*Required action*:
Reproduce the entries that follow exactly, dropping each image.

[Dataset entries]
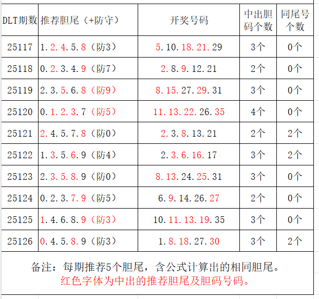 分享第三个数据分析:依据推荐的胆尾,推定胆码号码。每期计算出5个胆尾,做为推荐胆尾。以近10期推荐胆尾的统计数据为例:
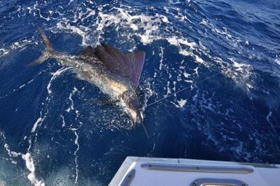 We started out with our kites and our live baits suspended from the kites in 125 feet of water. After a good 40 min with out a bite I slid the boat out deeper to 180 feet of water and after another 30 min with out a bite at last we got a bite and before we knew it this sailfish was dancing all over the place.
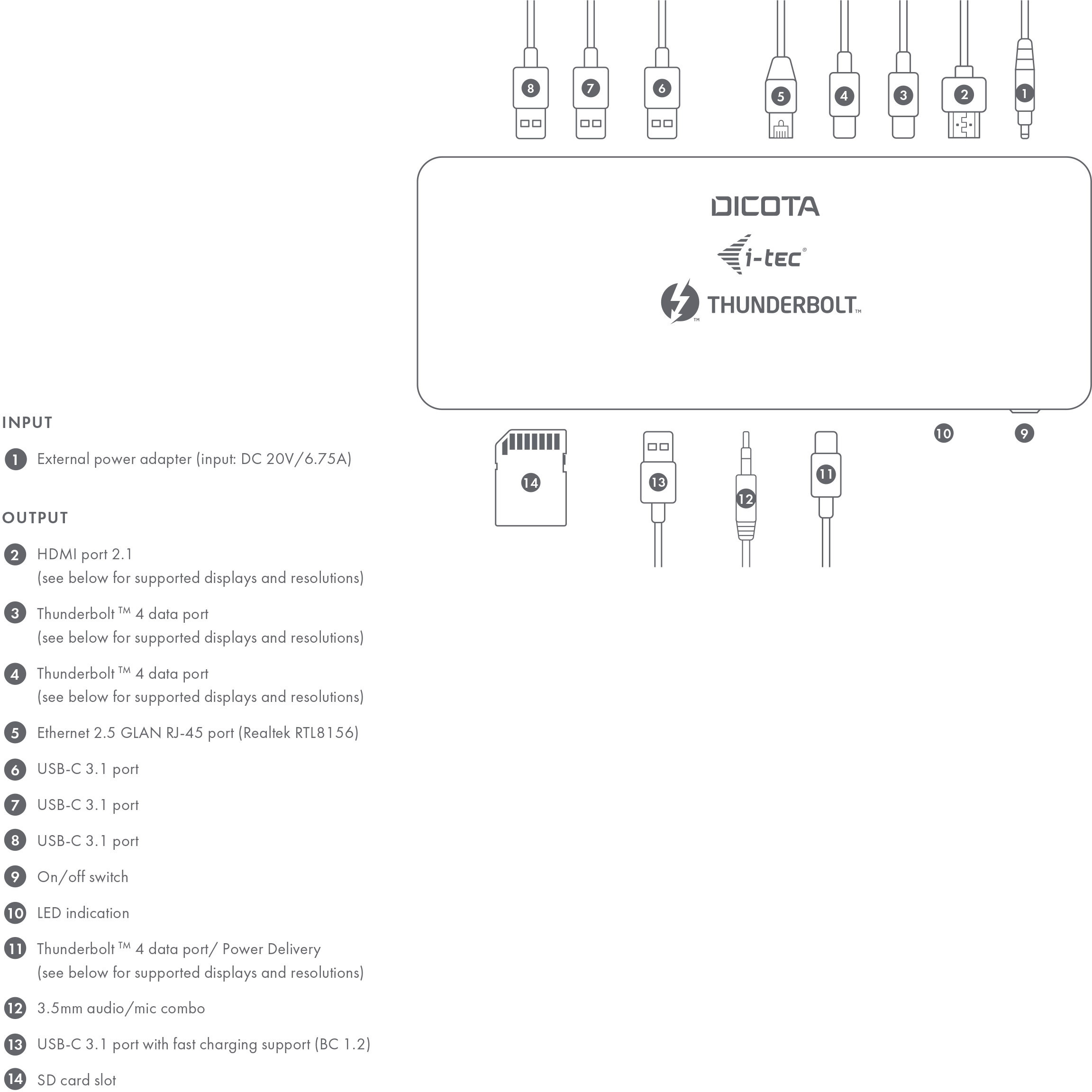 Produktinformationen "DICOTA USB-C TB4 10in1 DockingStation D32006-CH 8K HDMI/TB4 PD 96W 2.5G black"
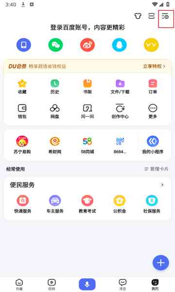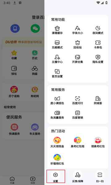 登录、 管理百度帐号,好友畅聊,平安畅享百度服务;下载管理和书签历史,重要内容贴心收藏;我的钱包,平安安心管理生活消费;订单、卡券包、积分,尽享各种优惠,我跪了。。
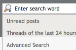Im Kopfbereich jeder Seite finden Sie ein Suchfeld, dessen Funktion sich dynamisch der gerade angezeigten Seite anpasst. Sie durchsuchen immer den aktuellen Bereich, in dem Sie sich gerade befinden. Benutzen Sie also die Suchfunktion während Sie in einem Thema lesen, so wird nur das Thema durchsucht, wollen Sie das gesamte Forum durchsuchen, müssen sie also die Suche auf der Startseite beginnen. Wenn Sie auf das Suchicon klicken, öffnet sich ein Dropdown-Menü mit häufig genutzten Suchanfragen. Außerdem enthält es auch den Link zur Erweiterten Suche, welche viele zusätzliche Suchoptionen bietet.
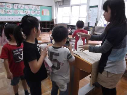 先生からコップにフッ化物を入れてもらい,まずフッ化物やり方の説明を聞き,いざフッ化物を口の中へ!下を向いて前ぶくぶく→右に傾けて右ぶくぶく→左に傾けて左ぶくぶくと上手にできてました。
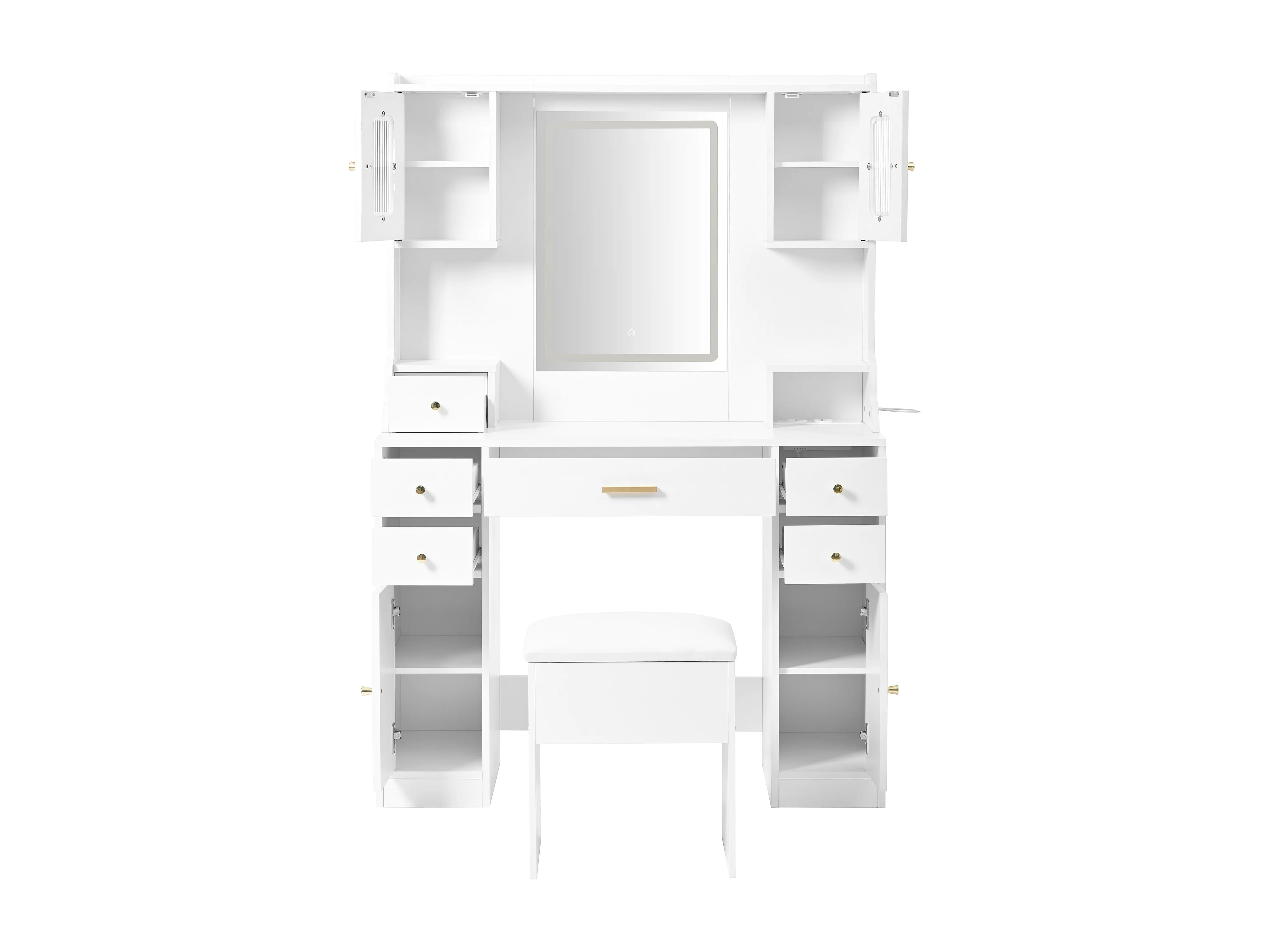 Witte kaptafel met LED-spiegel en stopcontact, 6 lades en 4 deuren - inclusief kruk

*Solution to this task*:
 分享第三个数据分析:依据推荐的胆尾,推定胆码号码。每期计算出5个胆尾,做为推荐胆尾。以近10期推荐胆尾的统计数据为例:
 We started out with our kites and our live baits suspended from the kites in 125 feet of water. After a good 40 min with out a bite I slid the boat out deeper to 180 feet of water and after another 30 min with out a bite at last we got a bite and before we knew it this sailfish was dancing all over the place.
 Produktinformationen "DICOTA USB-C TB4 10in1 DockingStation D32006-CH 8K HDMI/TB4 PD 96W 2.5G black"
 登录、 管理百度帐号,好友畅聊,平安畅享百度服务;下载管理和书签历史,重要内容贴心收藏;我的钱包,平安安心管理生活消费;订单、卡券包、积分,尽享各种优惠,我跪了。。
Im Kopfbereich jeder Seite finden Sie ein Suchfeld, dessen Funktion sich dynamisch der gerade angezeigten Seite anpasst. Sie durchsuchen immer den aktuellen Bereich, in dem Sie sich gerade befinden. Benutzen Sie also die Suchfunktion während Sie in einem Thema lesen, so wird nur das Thema durchsucht, wollen Sie das gesamte Forum durchsuchen, müssen sie also die Suche auf der Startseite beginnen. Wenn Sie auf das Suchicon klicken, öffnet sich ein Dropdown-Menü mit häufig genutzten Suchanfragen. Außerdem enthält es auch den Link zur Erweiterten Suche, welche viele zusätzliche Suchoptionen bietet.
 先生からコップにフッ化物を入れてもらい,まずフッ化物やり方の説明を聞き,いざフッ化物を口の中へ!下を向いて前ぶくぶく→右に傾けて右ぶくぶく→左に傾けて左ぶくぶくと上手にできてました。
 Witte kaptafel met LED-spiegel en stopcontact, 6 lades en 4 deuren - inclusief kruk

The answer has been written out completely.